Champagne tasting at 10am on Day 2 of Pebble Beach Food & Wine (Photo: Nic Coury)

April 12, 2024 – If you drink Champagne, you’ve probably had Veuve Clicquot a time or two. 

That distinctive yellow label is like the jaune jersey of the Tour de France: visible and way out in front, always at the top of wine lists and store shelves, and consequently—or because of—top of mind with Champagne drinkers, serious and casual.

This house of fine Champagne, part of the Louis Vuitton Moët Hennessey (LVMH) empire, produces about 19 million bottles per year, and is ranked the number two producer in terms of worldwide sales volume, with Moët-Chandon (another LVMH brand) number one at 28 million bottles annually. For reference, Taittinger makes 5 million bottles yearly, Louis Roederer bottles 9 million, Laurent-Perrier produces 6 million, Ruinart makes just 2.5 million and Krug (also LVMH), a measly 600,000. 

If you’re curious, there are around 300 million bottles of Champagne produced in France yearly. The number one selling brand in France is the surprisingly nouveau co-op house Nicolas Feuillatte, established in 1972, and owning only 40 hectares of vineyards, meaning they buy most of their fruit. In contrast, Clicquot, established in 1772 in Reims by fabric merchant Phillipe Clicquot, today owns almost 400 hectares—95% of which are ranked Grand Cru or Premier Cru. Having those prized vineyards lends the wines inherent prestige. 

Almost all of Veuve Clicquot’s production is their non-vintage Yellow Label. Precious little of their juice makes it into the La Grande Dame program, the tête de cuvée first created in 1962 in honor of the famous widow Barbe-Nicole Ponsardin Clicquot, who took over her husband’s wine business after his death at the age of 27. The French word for widow is veuve, hence Veuve Clicquot, and the legend around her is powerful and inspiring. 

The tasting lineup (Photo: Laura Ness)

At the time of her husband’s demise, women could not own property in France unless they were widowed. Mdme Clicquot had been entrusted with a gem, and she took over the making of Champagne for the Clicquot brand, focusing on Pinot Noir as the core of her product.
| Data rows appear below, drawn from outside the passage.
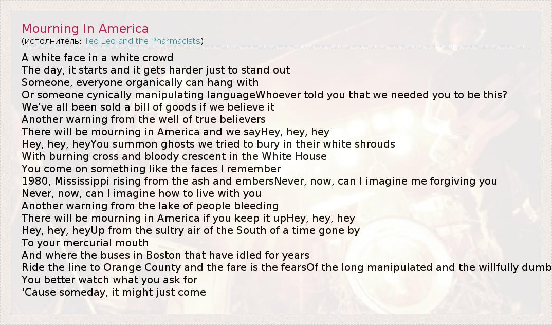 А как ты думаешь, о чем песня "Mourning In America" ?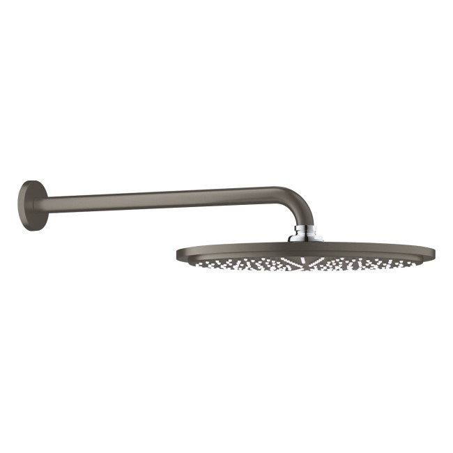 Розкішний набір верхнього душа GROHE Rainshower Cosmopolitan 310 в кольорі "матовий темний графіт" з душовим кронштейном 380 мм додасть дизайнерський стиль і преміальну якість в будь-яку ванну.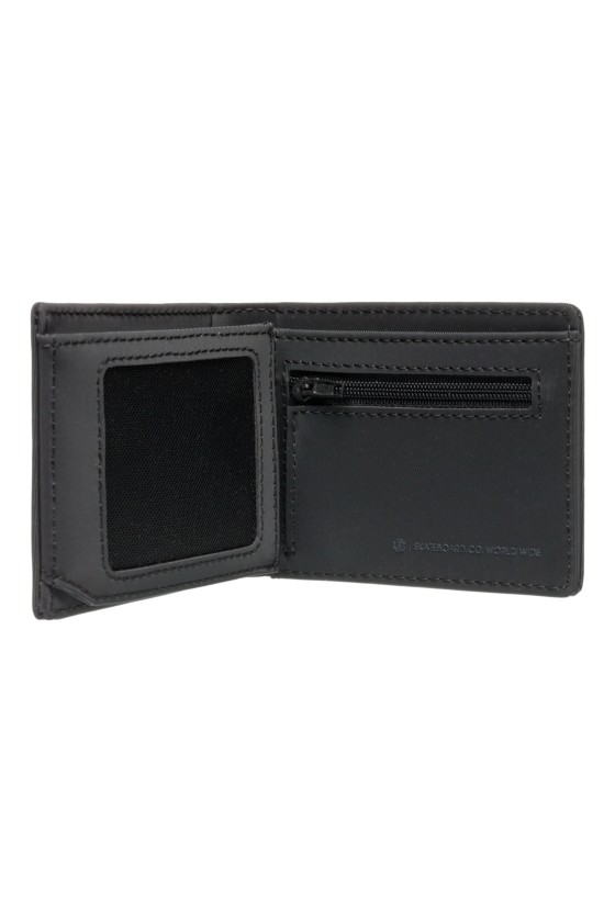 Cartera Element modelo icon mini wallet fabricada en Polivinilo 100%, color negra (flint black). Cartera de tamaño reducido pero en la que cabe todo! Hasta monedero con cremallera en su interior.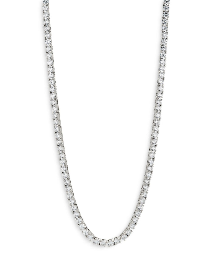 Crafted in rhodium-plated or 18K gold-plated brass with cubic zirconia accents. Measures 24"L and 3mm wide. Secured with a box clasp closure.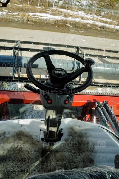 В кабине комбайнов на выставке сельскохозяйственной техники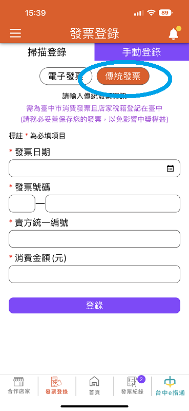 步驟5:點擊"傳統發票"按鈕,然後輸入您發票上的日期、發票號碼、真壺的統編"16880234"、及發票上的消費金額,系統即會自動辨認真壺為優惠店家,抽獎次數加碼為三倍喔!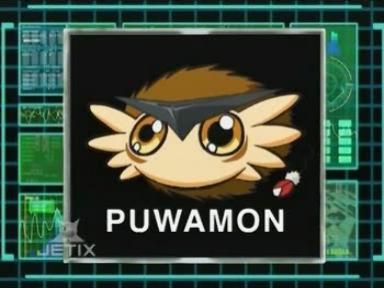 That's Puwamon. He's an In-Training level Digimon that's covered in soft feathers. It's very curious and easily bonds with people. ~ Thomas

She also created the first vintage Champagne in 1810—previously all Champagnes had been blended vintages—and the first true rosé Champagne in 1818, which she made by adding still Pinot Noir from coveted Clos Colin in Bouzy, planted in 1741, and acquired by her in 1805. Previously, in 1764, Ruinart began the tradition of selling pink Champagne created by adding elderberry juice. 

Barbe-Nicole is also credited with inventing the riddling table, allegedly drilling sideways holes into her kitchen table into which the necks of the bottles were inserted at an angle. By rotating the bottles, it encouraged all the sediment from the secondary fermentation to settle in the neck, so that it could be removed from the otherwise clear liquid before final bottling. 

Champagne lovers of all bubble preferences were in for a treat at this year’s Pebble Beach Food and Wine, as they packed the room for the La Grande Dame En Garden seminar at the Inn at Spanish Bay. 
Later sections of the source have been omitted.